La scuola di Jasnaja Poljana aveva un piano didattico ben fornito: lettura strumentale, «ritenevo che i fanciulli, per imparare a leggere, dovessero amare la lettura e che, per amare la lettura, fosse necessario che ciò che si leggeva fosse comprensibile e divertente» (p. 64), e a detta di Tolstoj gli unici due libri che i figli dei contadini potevano comprendere erano le favole di Chudjakov e Afanas’ev; lettura graduale, cioè la conoscenza della lingua letteraria, su cui il docente avanza una critica ardente, data l’impossibilità da parte del popolo di capire i bei libri letterari: «Per istruire il popolo è indispensabile avere la possibilità e la voglia di leggere buoni libri; i buoni libri sono scritti in un linguaggio che il popolo non capisce. Per poter imparare a capire, bisogna leggere molto; per leggere volentieri, bisogna capire… In che cosa consiste l’errore e come si può uscire da questa situazione?» (p. 81). Oggi, questo problema è stato in parte risolto con le letture graduate o intermedie, che probabilmente avrebbero reso felice il Tolstoj docente, oltre l’ausilio dell’insegnante per le chiarificazioni più difficili. Infine, tra le altre offerte formative, gli alunni potevano scegliere tra la lezione di scrittura, grammatica e calligrafica, la stesura dei componimenti, la storia sacra, la storia e geografia, il disegno o il canto.

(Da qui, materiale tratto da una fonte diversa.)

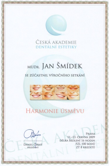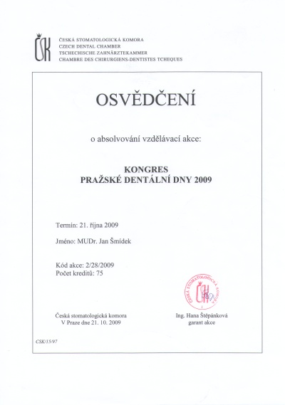 Praské dentální dny, Praha, 21.10.2009, certifikát
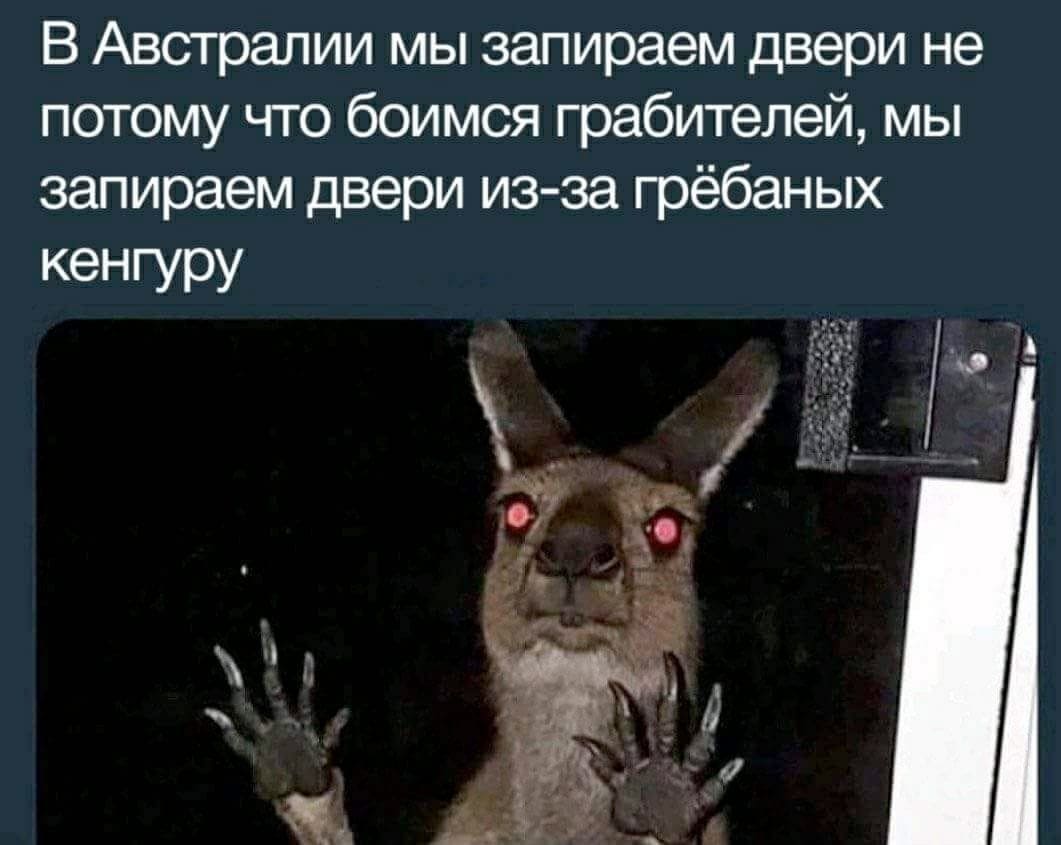 Мечтала побывать в Австралии. И вот мечта сбылась — приехала на целых два месяца. Купаться в океане нельзя — ядовитые медузы; балкон открывать нельзя — налетят чайки и прочие попугаи; окна открывать нельзя — заползёт такая восьмикрылая шестиногая х*йня, что ты сдашь ей квартиру бесплатно. Коалы, кенгуру и всякие тюлени адски воняют, хоть и красивые. За месяц я поняла, почему в Австралии чёрный кот — к удаче. Потому что кот это самое безобидное, что можно встретить в Австралии.

Insomma, in soli cinque mesi si tentava di sollevare il lembo di quel velo davanti agli allievi, evitando qualsiasi tipo di intromissione spiacevole, come un’interrogazione individuale dove «un adulto tortura un piccino, senza averne alcun rispetto» (pp. 109-110), una punizione di qualsiasi natura, e le nozioni riempitive, tipiche delle scuole europee, inutili per Lev Tolstoj considerato che «tutti questi esercizi (scrivere frasi, con date parole, comporre versi e indovinare parole) hanno una meta comune: rendere l’allievo consapevole che la parola è parola, che ha le sue leggi irremovibili, i suoi mutamenti, le sue desinenze e relazioni fra queste desinenze. La consapevolezza di ciò impiega molto tempo per entrare in testa agli allievi, ed è indispensabile possederla prima di iniziare la grammatica» (p. 97).
D'accordo o meno, forse oggi a mancare è proprio quella consapevolezza di cui parla lo scrittore russo, che al contrario ci conduce nelle strade cieche di nozioni, acronimi e regole, intrappolandoci nei metodi, o per dirla alla Tolstoj, nei sistemi non d’insegnamento ma di disorientamento didattico.